▸ **What you have to do**
An exact, picture-free copy of the listing is required.

▸ **Data block**
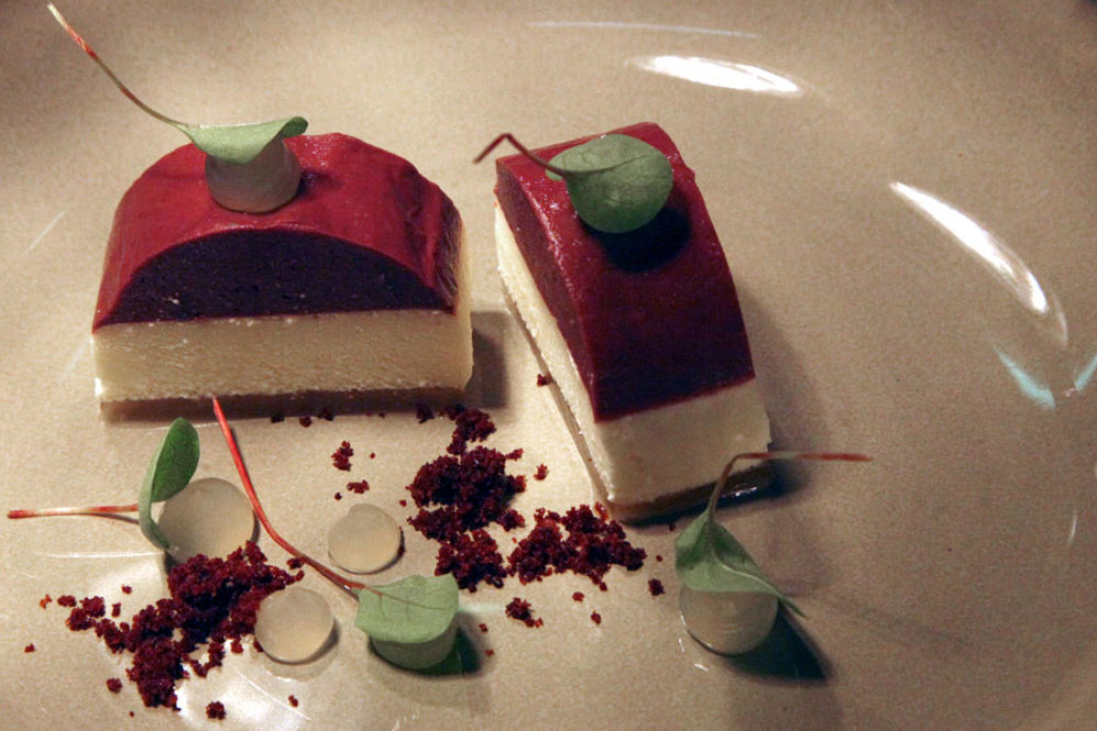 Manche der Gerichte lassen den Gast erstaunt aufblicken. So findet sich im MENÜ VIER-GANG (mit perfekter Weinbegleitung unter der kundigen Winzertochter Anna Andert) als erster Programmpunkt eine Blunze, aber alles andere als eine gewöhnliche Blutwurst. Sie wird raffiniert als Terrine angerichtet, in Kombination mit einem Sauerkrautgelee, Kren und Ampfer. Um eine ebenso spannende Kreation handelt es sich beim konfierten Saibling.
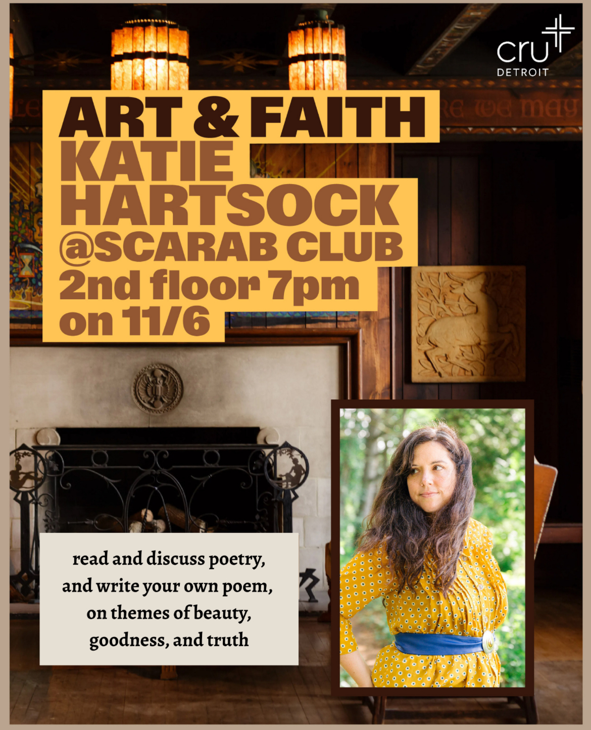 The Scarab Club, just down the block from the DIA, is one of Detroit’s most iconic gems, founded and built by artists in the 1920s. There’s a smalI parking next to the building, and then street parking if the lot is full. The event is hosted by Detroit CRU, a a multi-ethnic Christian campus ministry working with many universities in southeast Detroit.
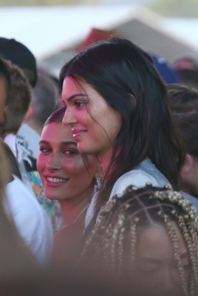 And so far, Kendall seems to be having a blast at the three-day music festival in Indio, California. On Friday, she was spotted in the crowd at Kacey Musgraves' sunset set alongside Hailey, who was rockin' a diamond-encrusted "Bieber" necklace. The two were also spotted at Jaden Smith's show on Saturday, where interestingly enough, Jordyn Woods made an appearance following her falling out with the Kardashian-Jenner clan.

▸ **Task response**
 Manche der Gerichte lassen den Gast erstaunt aufblicken. So findet sich im MENÜ VIER-GANG (mit perfekter Weinbegleitung unter der kundigen Winzertochter Anna Andert) als erster Programmpunkt eine Blunze, aber alles andere als eine gewöhnliche Blutwurst. Sie wird raffiniert als Terrine angerichtet, in Kombination mit einem Sauerkrautgelee, Kren und Ampfer. Um eine ebenso spannende Kreation handelt es sich beim konfierten Saibling.
 The Scarab Club, just down the block from the DIA, is one of Detroit’s most iconic gems, founded and built by artists in the 1920s. There’s a smalI parking next to the building, and then street parking if the lot is full. The event is hosted by Detroit CRU, a a multi-ethnic Christian campus ministry working with many universities in southeast Detroit.
 And so far, Kendall seems to be having a blast at the three-day music festival in Indio, California. On Friday, she was spotted in the crowd at Kacey Musgraves' sunset set alongside Hailey, who was rockin' a diamond-encrusted "Bieber" necklace. The two were also spotted at Jaden Smith's show on Saturday, where interestingly enough, Jordyn Woods made an appearance following her falling out with the Kardashian-Jenner clan.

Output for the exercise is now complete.